Alas, they had little to cheer the rest of the way. After a Clemson miss, the Hoos took possession with a chance to tie or take the lead. But they turned the ball over, and the Tigers ran off seven straight points to regain control.
The Hoos went more than 11 minutes without making a field goal, a stretch that Armaan Franklin finally ended with a pullup jumper at the 6:30 mark. By then, Clemson held a commanding lead, and there was no late-game drama.
“We’ve got a lot of work to do,” Bennett said. “That’s real. That’s a very solid team we played, and we’ll just we’ll keep working to improve. I just kept telling the guys, ‘Just keep battling and keep battling and keep trying to be as tough as you can.’ ”
Sophomore guard Reece Beekman led the Cavaliers with a career-high 20 points. His previous high was 12 points, and he matched that with 6:28 to play in the first half. Until Wednesday night, when he was 3 for 5 from beyond the arc, the 6-foot-3 Beekman had never made more than one trey in a college game.
Against Clemson, Beekman hit his first 3-point attempt and shot with confidence thereafter.
“It felt good,” he said, “because I’ve been struggling a little bit. I’ve been coming in extra and getting shots up, so seeing a couple fall tonight it felt good.”
Beekman “played a good game,” Bennett said, “and we need probably three or four guys to be chipping in and doing that.”
Franklin, a 6-foot-4 transfer from Indiana, continued to struggle from 3-point range, missing 6 of 7 attempts Wednesday. He was 4 for 6 from inside the arc, however, and finished with 13 points and a team-high eight rebounds.
For the Cavaliers’ frontcourt players, this was a game to forget. Jayden Gardner missed 7 of 9 shots from the floor. Igor Milicic Jr. went scoreless in 10 minutes off the bench. Kadin Shedrick blocked a career-high six shots, but he and UVA’s other center, Francisco Caffaro, had two points and two rebounds between them.
Clemson, meanwhile, received significant contributions from 6-foot-10 PJ Hall, 6-foot-8 Hunter Tyson, 6-foot-6 Naz Bohannon and 6-foot-7 Ian Schieffelin.
“Our big guys aren’t going to give us a ton of points,” Bennett said, “but they have to keep challenging themselves to be on the glass, to get us some offensive rebounds, defensive rebounds, and just anchor that defense.”
The Hoos don’t have many interior options, and Shedrick and Caffaro “are getting great opportunities,” Bennett said. “These are the opportunities that they desired, they wanted, that I want them to get. And you grow through these experiences when you go against those physical good players. And you just keep showing up and getting better.”

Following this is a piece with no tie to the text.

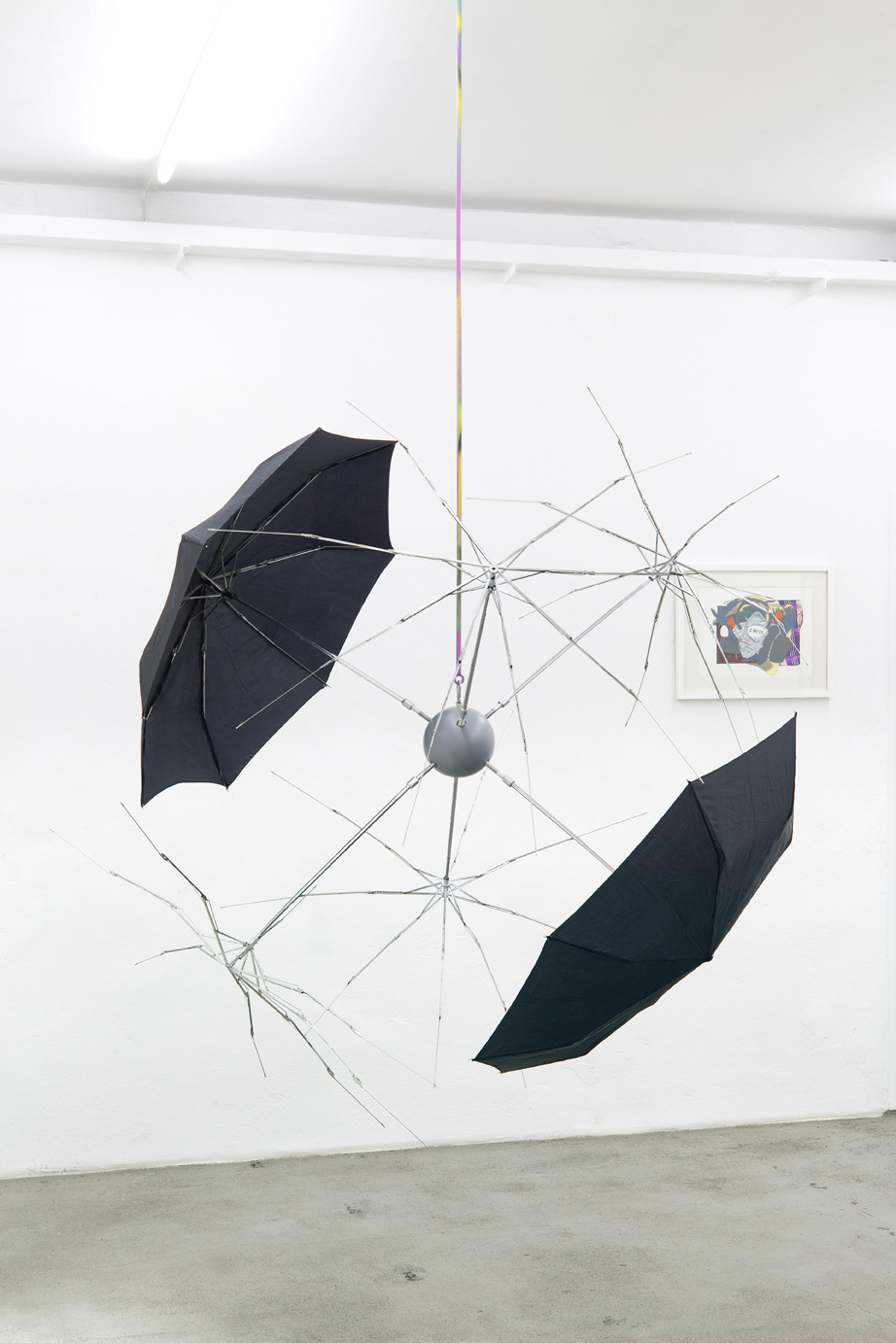 Two umbrellas, printed fabric, hula hoop, wood, acrylic glass,

On several possessions, Clemson scored on contested late-clock shots, negating the Cavaliers’ solid defense.
“It kind of stings a little,” said Beekman, who had a game-high three steals.

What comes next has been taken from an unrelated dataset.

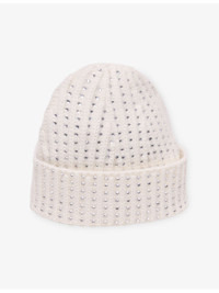 Rhinestone-Embellished Wool Beanie Hat
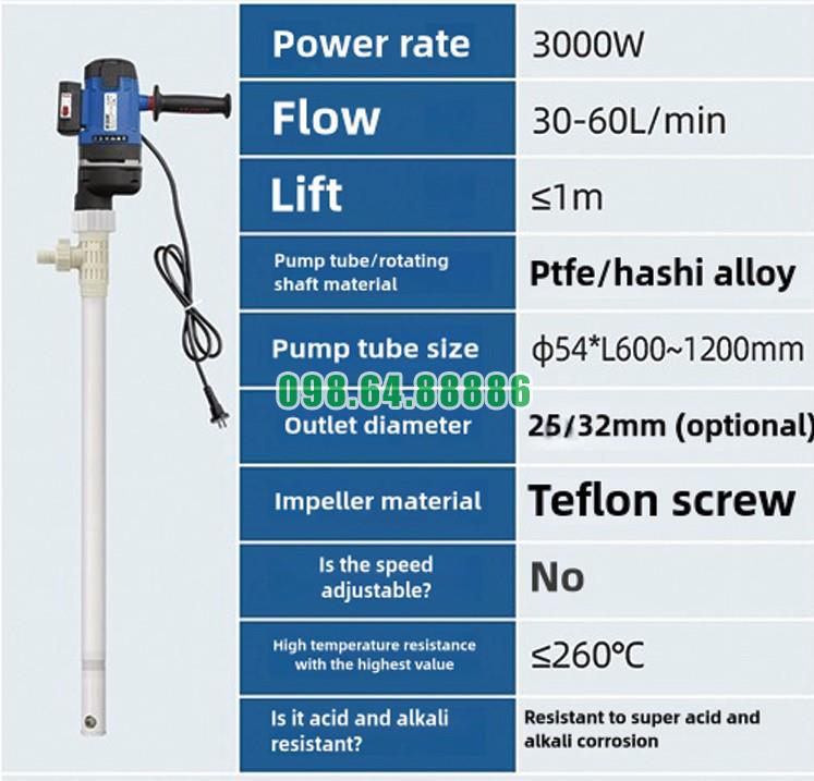 Thông số Bơm trục vít cầm tay hút thùng phuy JDT-3000W-PTFELG

Bennett said: “That seems like it’s happened a lot this year, where you’re there [defensively] and guys, whether it’s a bank shot or a tough shot, [score anyway] … We have some challenges, obviously, to score the basketball, and so we’re trying to hang our hat on the defense. So those did hurt certainly.”
From a team that won the ACC’s regular-season title in 2020-21, Virginia lost six of its top eight scorers. Three of those players are on NBA rosters this season. This always figured to be a challenging season for the Cavaliers, who have become fixtures in the NCAA tournament under Bennett, and more tests await them in the ACC.

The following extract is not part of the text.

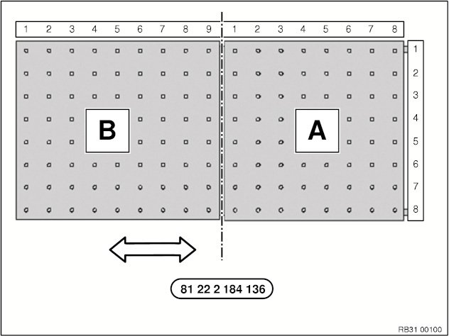 Working plate (A and B) is subdivided by a coordinate system and a possible installation position is recommended in the respective repair manual.

“You keep battling,” Bennett said. “You just keep working. We’ve played good stretches of basketball. and we’ve played some poor stretches of basketball, and that’s playing itself out.”
Bennett didn’t mince words with his players after the game. “I said, ‘We’re going to find out in this room [if] we have the group of guys we can go through adversity with, and then keep trying to grow from it and just keep showing up and keep knocking.’ That’s all you can do in these spots. But can we get this turned around? Absolutely. You pursue that, and no matter what you just keep getting better.”